Its inference uses SVI (Stochastic Variational Inference) through [Pyro](http://pyro.ai/) to fit the posterior phenotype distribution of target element perturbation. 

## Installation 
```
pip install beret-beige
```

## Usage
### CRISPR screen data without reporter information
```
beige myScreen.h5ad --prefix=my_analysis [--fit-pi|--perfect-edit|--guide_activity_column]
```
`myScreen.h5ad` must be formatted in `Screen` object in [perturb-tools](https://github.com/pinellolab/perturb-tools) package.
If you don't have reporter information measured, you can take one of three options for analysis:
1. `--fit-pi` : Editing rate is fitted so that overall likelihood of the model is maximized.
2. `--perfect-edit` : Assuming editing rate is 1 for all guides.
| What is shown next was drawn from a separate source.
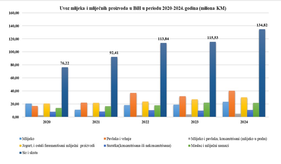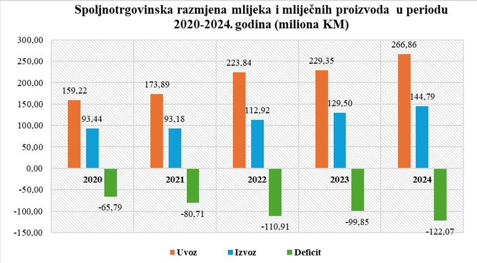 Analiza stanja na tržištu mlijeka i mliječnih proizvoda u BiH pokazuje da BiH u ovoj oblasti ima spoljnotrgovinski deficit od 122 miliona KM.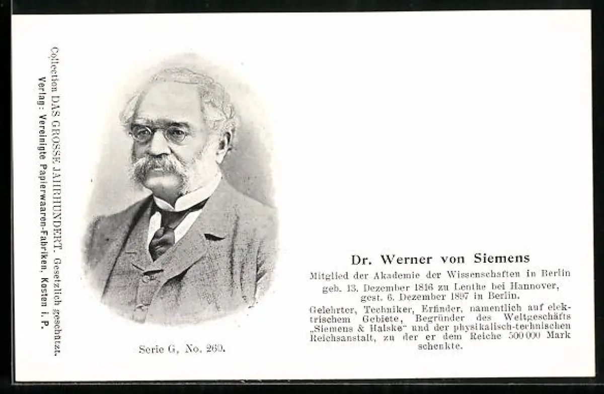 AK Dr. Werner von Siemens, Gelehrter Techniker, Erfinder, geb. 13.12.1816, gest. 6.12.1897

This option is recommended over 1) based on the inference accuracy in simulation data.
3. `--guide_activity_column=your_col_name` : If you want to use external information about guide activity estimated using other software, input the guide activity in the Screen.guides DataFrame (see `Screen` object in [perturb-tools](https://github.com/pinellolab/perturb-tools)).Pass the column name as the argument.(under development)

### CRISPR screen data with reporter information
```
beige myReporterScreen.h5ad --prefix=my_analysis [--rep-pi]
```
`myReporterScreen.h5ad` must be formatted in `ReporterScreen` object in [beret](https://github.com/pinellolab/beret) package.  
*  `--rep-pi` : If you suspect your biological replicate will have overall different level of editing rates, you can let the model to fit the replicate specific scaling factor of editing rate using this option.

## Caveat
BEIGE assumes the phenotype distribution pre-sort sample is the same as the negative control. Whereas this assumption can be safely considered as true in case of variant screens, this may not hold true if you expect large phenotypical shift for the majority of perturbed elements.